Accordingly, the following main steps are considered: OMW collection from village mills, transportation to the WWTP, storage of OMW for the entire year (in a pit with a cover to collect the gas emitted), an initial stage of flocculation/coagulation for clarification with nanocomposites [23], separation of the precipitate, thermophilic anaerobic digestion, and an aeration stage for polishing (with a suggestion to use the biogas for energy and heat production, and the slurry and treated wastewater for agriculture). Each step receives a main input, with some producing a main output. All outputs are physical products, except for the transportation process, which is the distance covered between the OMW and biogas producers. There are four primary inputs (gas/oil, workforce, electricity, other biomass), biogas gases (CO2, CH4), and three value-added by-products that can be sold (solid digestate, electricity and heat to be used by the WWTP, and treated wastewater for irrigation). COD measured at the pilot scale was reduced by 93% and the polyphenol content was reduced by 91% after the aerobic polishing stage (Figure 3). Using heat and electricity from biogas has already been shown to offer a sustainable method to reduce fossil fuel use, lower greenhouse gas emissions, and convert organic waste into valuable energy [6, 22]. Biogas provides a reliable, renewable energy source that supports local energy independence and waste management. The use of the OMW slurry from the process is innovative.
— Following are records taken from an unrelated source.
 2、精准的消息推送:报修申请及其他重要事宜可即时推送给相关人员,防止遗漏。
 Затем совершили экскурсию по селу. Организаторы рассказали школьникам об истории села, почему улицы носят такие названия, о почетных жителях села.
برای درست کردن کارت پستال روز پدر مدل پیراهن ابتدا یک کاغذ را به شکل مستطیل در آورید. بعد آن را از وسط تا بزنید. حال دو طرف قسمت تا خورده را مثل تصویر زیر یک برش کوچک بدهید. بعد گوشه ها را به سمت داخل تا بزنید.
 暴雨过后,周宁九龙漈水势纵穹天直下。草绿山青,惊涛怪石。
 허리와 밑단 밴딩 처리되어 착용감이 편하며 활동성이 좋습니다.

Use of OMW slurry in horticultureIn a comparative study of romaine lettuce (Lactuca sativa) cultivation, peat moss in regular horticulture soil, was partially replaced with an OMW-derived digestate: 10%, 20% or 30% of the peat were replaced with OMW slurry. The research was carried out in a screened greenhouse using 3-liter pots equipped with a drip irrigation system, with remote control of irrigation rate and duration, and dosage of nitrate and liquid potassium fertilizer. Sampling of leachates and chemical analysis of the leachates was performed to examine the need for fertilization of pots in which peat was partially replaced by OMW slurry. Leaf length was measured weekly to assess growth rate and, at a later stage, plant diameter. At the end of the experiment, the resulting biomass was weighed, the wet weight of the plants was measured after 60 days of growth, and dry weight of the plants was measured after drying at 65°C for 3 days. Crops grown with OMW slurry as an alternative to peat moss were shown to have a yield equal to that obtained with conventional horticulture methods. Plant height was monitored throughout the growing season. The data presented below suggests minimal variation between treatments. A slight reduction in growth rate was observed when 30% of the peat was replaced with OMW slurry. Growth metrics remained comparable, particularly with added fertilization, suggesting the viability of the digestate as a soil amendment (Figure 4).
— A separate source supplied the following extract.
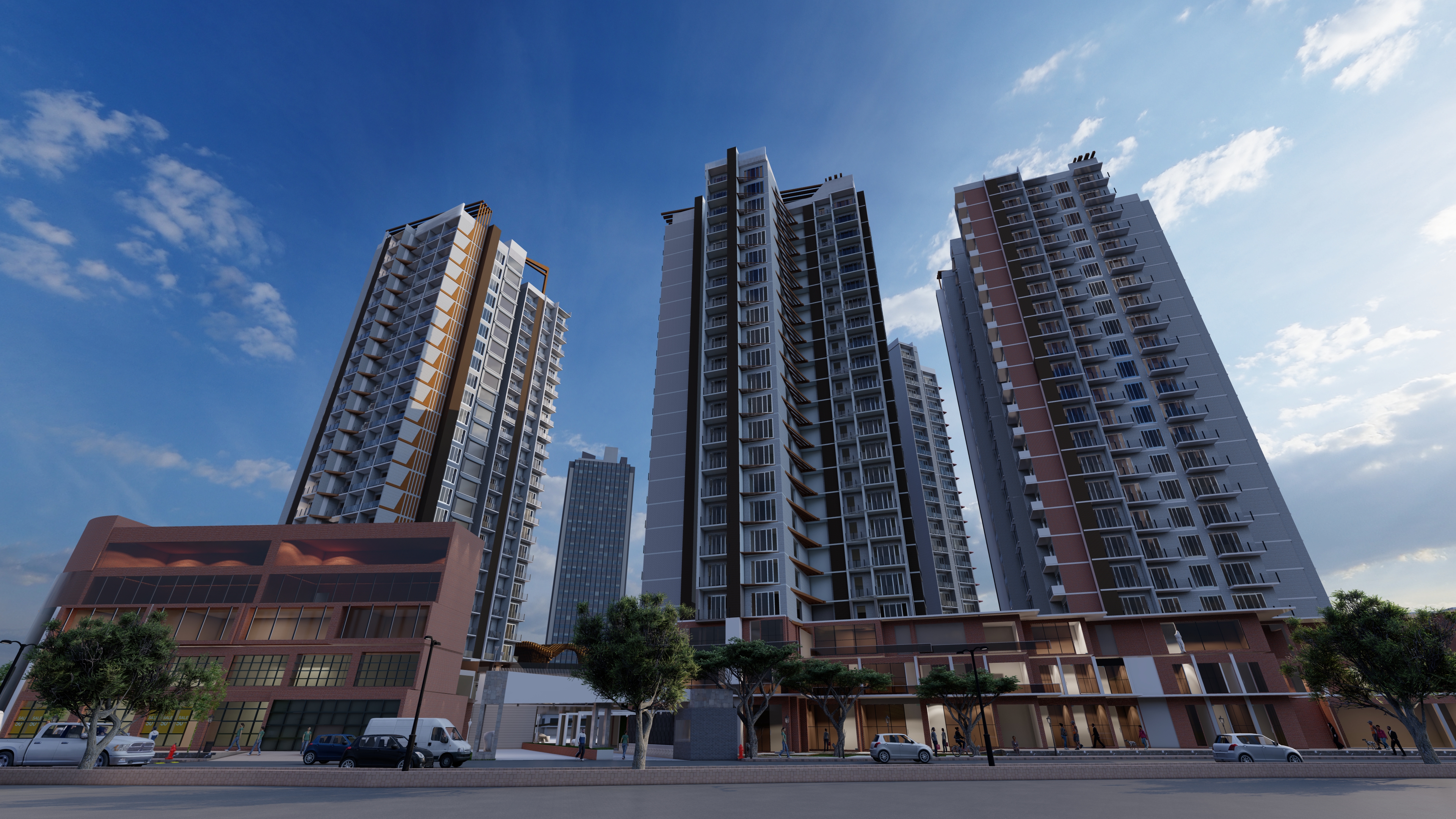 Mixed-use highrise building is a more unified mixed and architectural solution, with

Results of the wet and dry weight of lettuce grown in pots with OMW slurry are presented herein.
Replacing 10%, 20% or 30% of the peat with OMW slurry was comparable to the commercial control used in horticulture (drip irrigation with Shafer 5-3-8 fertilizer [including microelements]), while a drop in growth after three weeks without the addition of fertilizer was observed, leading to the conclusion that over three weeks, the OMW slurry effectively released the essential nutrients, which were later reduced. Results of the wet and dry (at 65°C for 3 days) weight of lettuce are presented in Figure 5. There was almost no difference between the control and the soil mixtures in which peat was replaced by up to 30%. A 100% survival rate for the lettuce plants was observed during the 60-day growth period prior to harvesting. The growth rates showed similar trends in all pots that were irrigated with fertilizers, even where 30% peat was replaced by OMW slurry (Fig. 4). When the lettuce plants were irrigated without the addition of fertilizers, there was no difference in growth rate, which decreased sharply in a similar pattern in all pots, although better growth rates were observed when peat was replaced with OMW slurry. We harvested all the lettuce plants after 60 days, when the leaves began to close and the lettuce was ready to market, and weighed them immediately for wet weight. Thereafter, they were dried for 3 days in aluminum trays in a heater at 65°C, after which the dry weight was measured. Figure 5 shows that there was almost no difference in the dry weight of the lettuce when 10-30% of the peat was replaced. The dry weight of lettuce grown without fertilizer was similar, although much lower, indicating the need for fertilizers for growth. Better growth was observed when OMW replaced peat. It is obvious that fertilization is needed for plant growth, and there is a distinct difference between the growth of lettuce with or without additional fertilization during irrigation (once a day, for 20 minutes, with or without fertilizers, 60 ppm of Shafer 5-3-8 +1), but some improvement can be seen in the first period of growth in the OMW slurry soil. Wet and dry weights of lettuce revealed that there is almost no difference in growth rate when peat is replaced by OMW slurries, suggesting that peat can be successfully replaced by OMW slurry in potting substrates, and that reducing fertilization during the early stages of growth may be possible due to the nutrient content provided by the addition of slurry from oil mill effluents.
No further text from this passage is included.